**DATA PROVIDED**
==============================

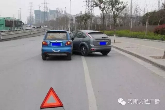 3、為避免發(fā)生次生交通事故,以及在處理事故時被當成違法停車誤抓拍,請在事故處理完畢之前,全程開啟雙閃燈,放置三角警示牌;
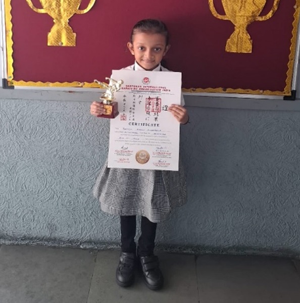 Tanaya Kumamekar of Std I B received trophy in karate Competition held by SHOTOKAN INTERNATIONAL KARATE DO ORGANISATION INDIA.
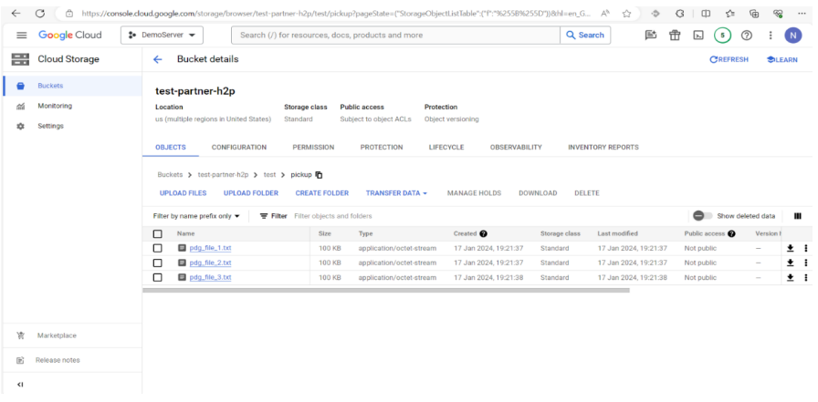 The partner can pull the files from the pickup directories, when the files are available in the appropriate cloud buckets.

==============================

**EXERCISE DIRECTIONS**
Exclude all pictures and reproduce verbatim the lines running from the line that contains "Tanaya Kumamekar of" to the end of the data above, both ends included.

**EXERCISE RESPONSE**
 Tanaya Kumamekar of Std I B received trophy in karate Competition held by SHOTOKAN INTERNATIONAL KARATE DO ORGANISATION INDIA.
 The partner can pull the files from the pickup directories, when the files are available in the appropriate cloud buckets.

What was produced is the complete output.